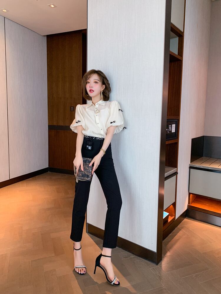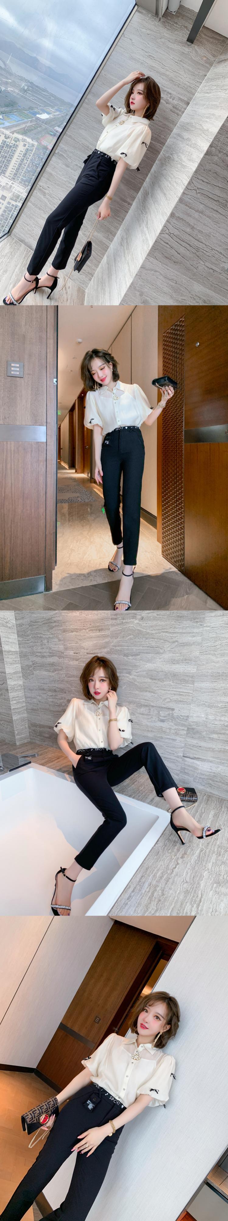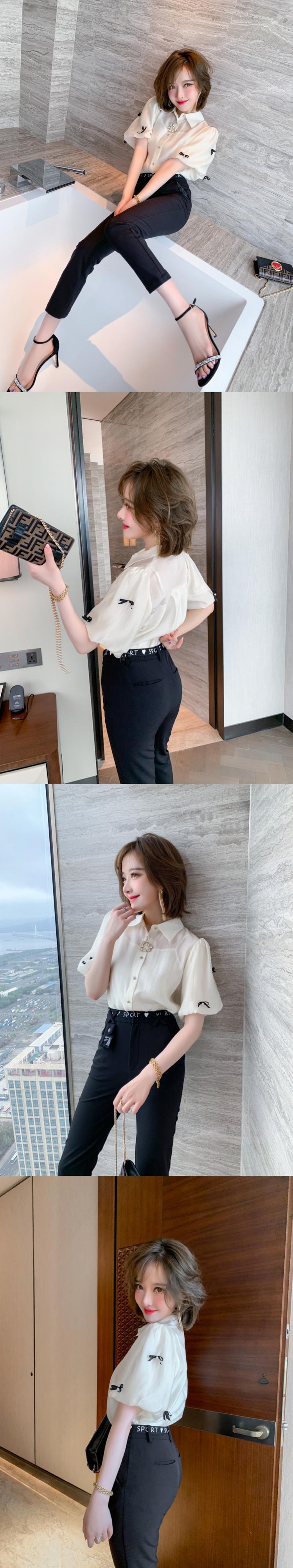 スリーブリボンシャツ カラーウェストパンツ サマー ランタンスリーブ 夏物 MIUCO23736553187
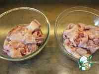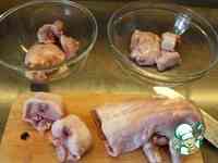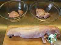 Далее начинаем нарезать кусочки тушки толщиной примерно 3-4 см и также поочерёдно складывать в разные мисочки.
==
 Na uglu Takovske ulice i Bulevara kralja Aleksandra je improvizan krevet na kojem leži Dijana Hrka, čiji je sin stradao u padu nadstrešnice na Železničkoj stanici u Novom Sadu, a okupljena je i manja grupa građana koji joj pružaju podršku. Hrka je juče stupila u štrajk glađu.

> EXERCISE INSTRUCTIONS
Text only, no pictures: please print exactly the lines above from the line with "スリーブリボンシャツ カラーウェストパンツ サマー" up to and including the line with "Далее начинаем нарезать", and nothing else.

> WRITTEN ANSWER
 スリーブリボンシャツ カラーウェストパンツ サマー ランタンスリーブ 夏物 MIUCO23736553187
 Далее начинаем нарезать кусочки тушки толщиной примерно 3-4 см и также поочерёдно складывать в разные мисочки.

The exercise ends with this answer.